## [Data segment]
--- START ---
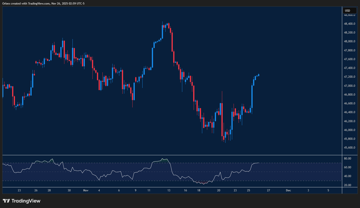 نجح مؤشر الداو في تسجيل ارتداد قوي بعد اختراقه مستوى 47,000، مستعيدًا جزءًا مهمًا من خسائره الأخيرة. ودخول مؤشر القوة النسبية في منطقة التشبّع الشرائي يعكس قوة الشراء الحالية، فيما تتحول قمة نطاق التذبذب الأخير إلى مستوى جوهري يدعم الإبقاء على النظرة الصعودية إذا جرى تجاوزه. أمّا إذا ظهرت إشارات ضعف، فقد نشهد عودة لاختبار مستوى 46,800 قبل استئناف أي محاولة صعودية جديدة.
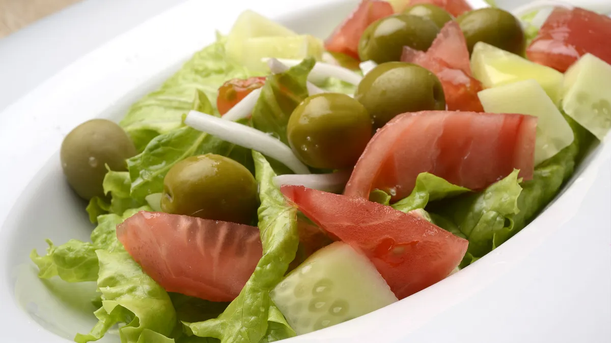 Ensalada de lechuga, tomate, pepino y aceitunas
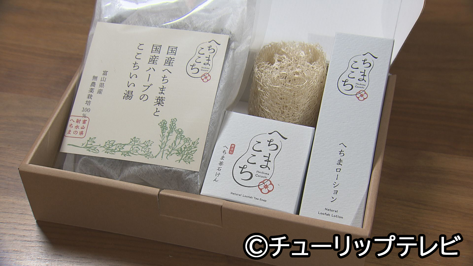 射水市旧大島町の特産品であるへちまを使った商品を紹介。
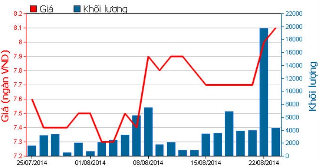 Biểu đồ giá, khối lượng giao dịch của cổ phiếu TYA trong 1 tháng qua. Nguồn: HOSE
--- END ---
## [Activity]
Would you give again exactly the lines from the line containing "射水市旧大島町の特産品であるへちまを使った商品を紹介。" through the end of the listing, both ends included, without any pictures?

## [Answer box]
 射水市旧大島町の特産品であるへちまを使った商品を紹介。
 Biểu đồ giá, khối lượng giao dịch của cổ phiếu TYA trong 1 tháng qua. Nguồn: HOSE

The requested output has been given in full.